Input material:
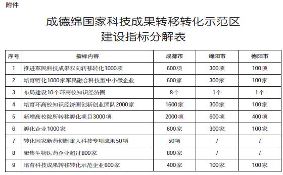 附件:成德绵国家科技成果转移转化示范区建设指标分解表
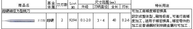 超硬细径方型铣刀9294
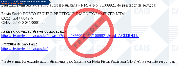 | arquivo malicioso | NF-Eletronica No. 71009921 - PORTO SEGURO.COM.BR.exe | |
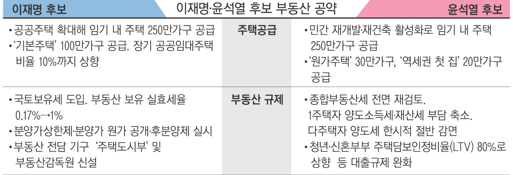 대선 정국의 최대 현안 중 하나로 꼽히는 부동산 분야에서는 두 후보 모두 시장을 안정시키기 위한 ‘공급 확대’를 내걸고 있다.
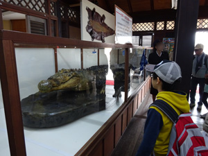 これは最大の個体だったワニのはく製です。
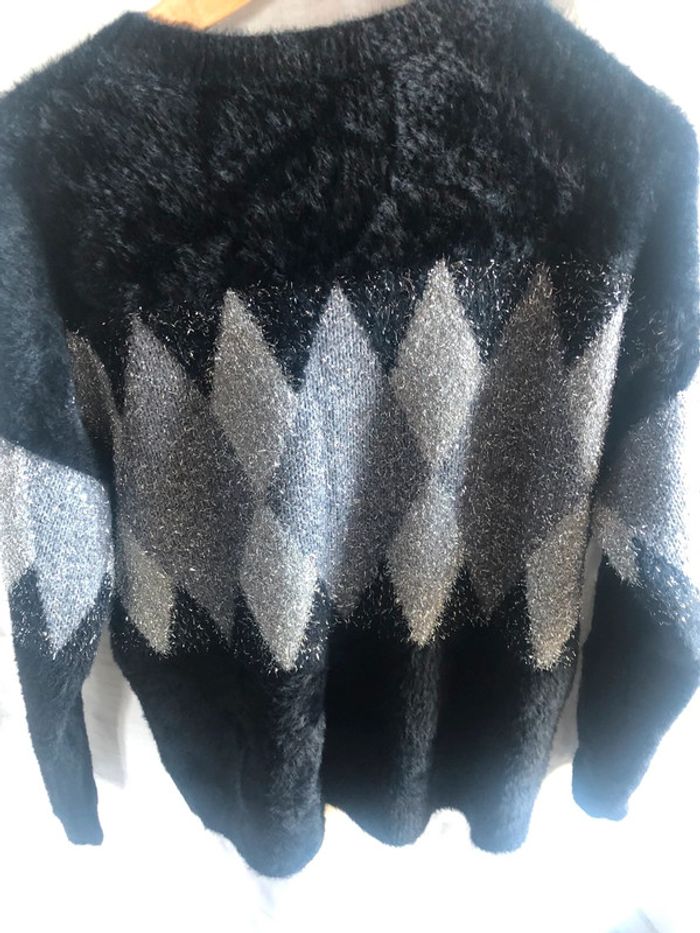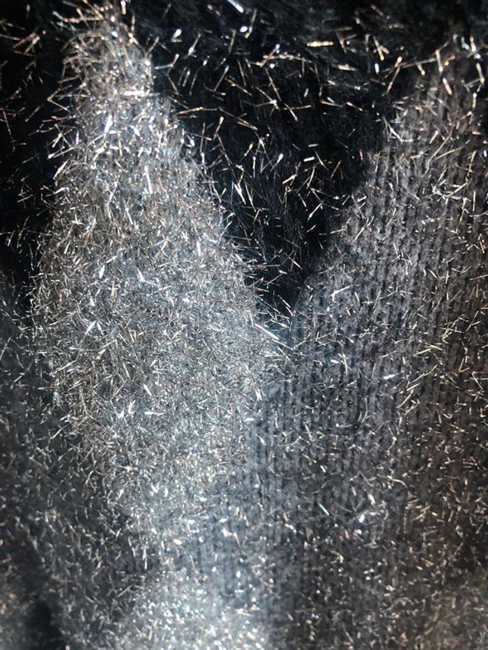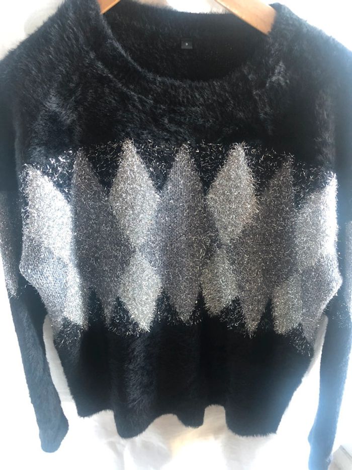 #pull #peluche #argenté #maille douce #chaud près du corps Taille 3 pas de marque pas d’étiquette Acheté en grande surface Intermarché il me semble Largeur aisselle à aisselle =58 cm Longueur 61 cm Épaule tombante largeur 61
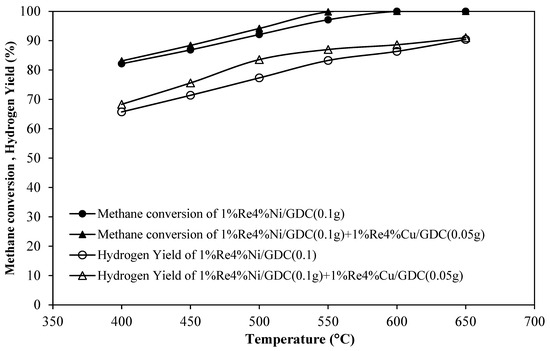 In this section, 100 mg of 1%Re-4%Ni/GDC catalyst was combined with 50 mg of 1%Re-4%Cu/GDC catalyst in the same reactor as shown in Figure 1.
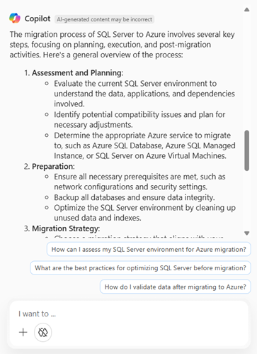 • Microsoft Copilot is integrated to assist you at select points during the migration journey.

--

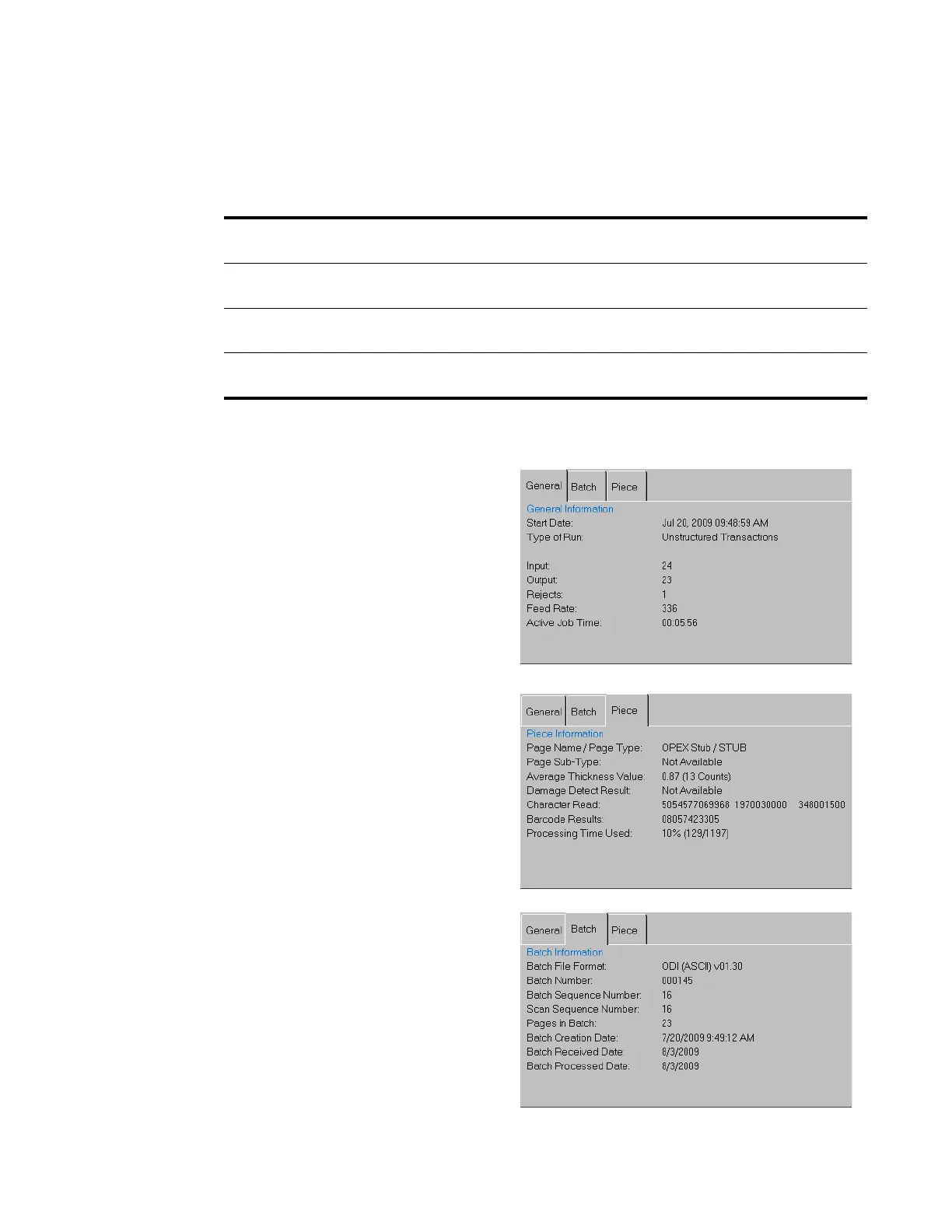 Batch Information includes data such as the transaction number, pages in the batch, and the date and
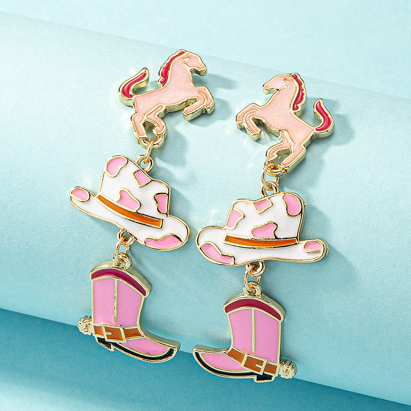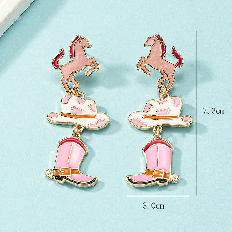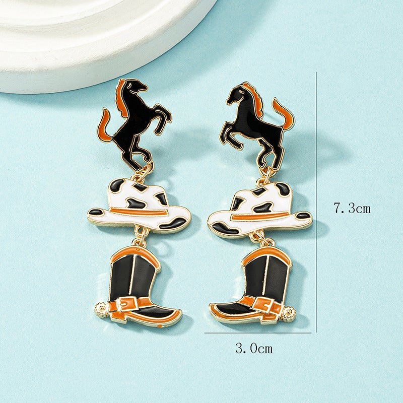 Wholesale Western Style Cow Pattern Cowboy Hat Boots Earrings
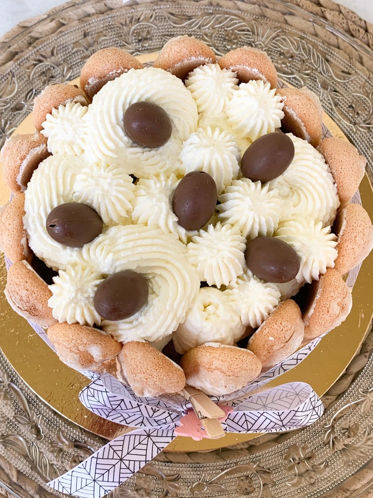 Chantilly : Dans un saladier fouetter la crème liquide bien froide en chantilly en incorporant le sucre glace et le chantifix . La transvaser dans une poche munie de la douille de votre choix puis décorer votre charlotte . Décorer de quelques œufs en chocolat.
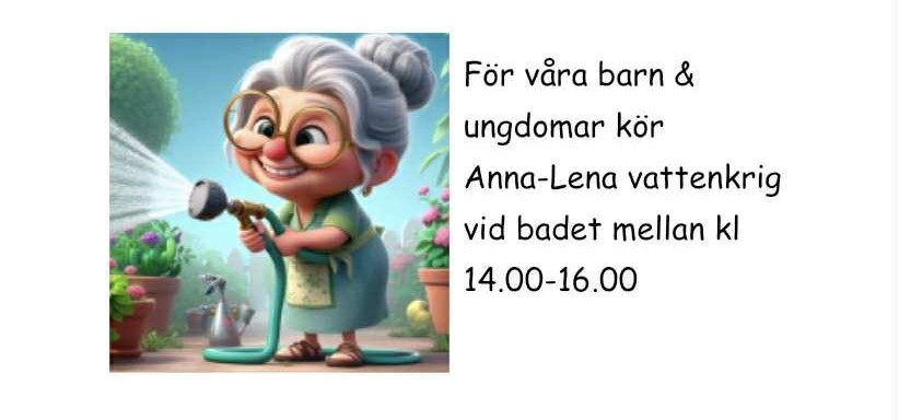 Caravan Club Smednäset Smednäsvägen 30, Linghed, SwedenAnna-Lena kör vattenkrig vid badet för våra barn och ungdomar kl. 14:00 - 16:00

What is required: Those lines of the records above that run from the one containing "대선 정국의 최대 현안" through the one containing "これは最大の個体だったワニのはく製です。" should be returned exactly, with no pictures among them.

The completed task:
 대선 정국의 최대 현안 중 하나로 꼽히는 부동산 분야에서는 두 후보 모두 시장을 안정시키기 위한 ‘공급 확대’를 내걸고 있다.
 これは最大の個体だったワニのはく製です。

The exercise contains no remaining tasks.